I’m glad I’m not Hemingway

I think I was in second grade when I started writing. The teacher put these lines up on the blackboard and told us to finish the poem.

“Where are you going little leaf/I hope you don’t meet any grief.”

Most people added a single couplet. Some added two. I added twenty couplets and a four-line ABAB stanza. It was shown all around school, and put on the bulletin board for a PTA meeting. I may still have it somewhere. My mother was pleased.

A few months later I was sitting in my father’s chair with the lapboard, writing something. My mother asked me what it was. It old her it was a poem. She said, “You’ve written one poem, why would you want to write another?”

Several years later I was writing stuff, ideas for stories, lists of things, I don’t remember. I wrote a lot of lists. My father asked what I was doing, and I told him I was working on a story, that I wanted to be a writer. He said, “You’re not Ernest Hemingway and you never will be.”

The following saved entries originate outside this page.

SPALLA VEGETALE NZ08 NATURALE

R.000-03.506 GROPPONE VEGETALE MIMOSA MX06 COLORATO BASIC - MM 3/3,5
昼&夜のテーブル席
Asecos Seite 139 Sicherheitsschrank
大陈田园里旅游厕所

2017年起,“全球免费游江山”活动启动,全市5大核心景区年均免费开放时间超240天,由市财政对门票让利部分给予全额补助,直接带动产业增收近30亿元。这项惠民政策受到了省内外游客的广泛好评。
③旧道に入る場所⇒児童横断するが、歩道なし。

Many years later I actually read something by Hemingway. It could have been the first pages of “For Whom the Bell Tolls.” I never got any further. I remembered what my father had told me, and if he had been still living I would have told him that he was right. And that I was grateful that I would never be like Hemingway. Because I did not like the way he wrote. Not at all. And I still don’t.

Let’s Talk About It

Writing is a major part of my life and I talk about it a lot. I speak on writing panels at SF conventions. I run two workshops at cons, about how to start, and about how to plot. I have posted to my Facebeek page about how I work, and the things I’ve learned, and I’ll be reworking some of those to be included on my Books page, which is not yet brought up to date. I love to talk to people at conventions, to help those who want to write get started, and to encourage them to do so. I have read over 120 books on writing and authorship, about a dozen of which I have found useful, a few of which I have thrown away. But the most important thing I learned was from writer autobiographies, who tell how they did it, not how to do it. And that is that every one does it differently.

Writing is Difficult

It is demanding, it is frustrating, and sometimes it is disappointing. Some of the people who take my workshops decide that they don’t really want to become writers after all. And that’s fine, their energies are better spent doing something more satisfying and rewarding.

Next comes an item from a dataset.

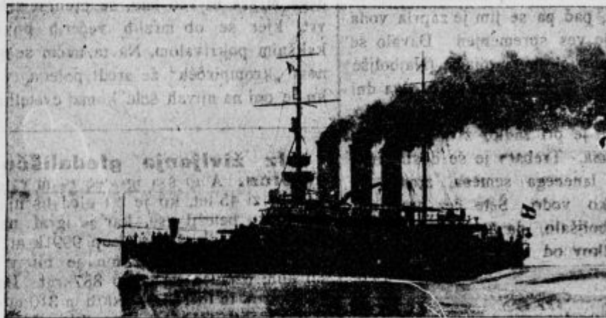
Avstrijska bojna ladja „Sv. Jurij“.

Žrebeta so od narave že jako rahločutna, da se ne dajo z lepo prijemati za noge, jih privzdigovati in po njih telči. To jih navadno silno ščegeta in plaši. Vendar se sčasom morajo tega privaditi. Da se to polagoma zgodi, gladimo z roko žrebe večkrat po nogah, nato jih rahlo privzdiguje, od
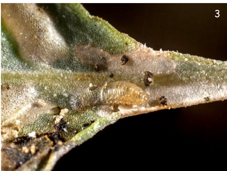
Fig. 3.- Larva ejecutando una de las minas foliares que caracterizan la presencia de esta especie.

But when I succeed, I have created something out of nothing, just a spark of an idea which is completely intangible. From that spark comes a world, people, events, desires, all of which seem so real to the person reading it, that for a little while the reader loses track of the real world.

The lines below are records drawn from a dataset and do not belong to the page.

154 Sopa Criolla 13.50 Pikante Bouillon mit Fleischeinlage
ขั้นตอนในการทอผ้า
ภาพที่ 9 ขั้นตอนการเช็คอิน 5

After all that effort of creation, I had to take some time off. Maybe a year, or a month, or a day — or an hour. And then a new spark comes and, despite all the hardships of the last time, I do it all over again.

Epigram

Allen L. Wold

Writing fiction is part craft, part art, and part dream. The recipe is never the same twice. It is a skill that can never be mastered, because with every story, you learn something more. It brings joy, and frustration, and sometimes despair. But the thought of giving up is intolerable, because every story is an act of true creation.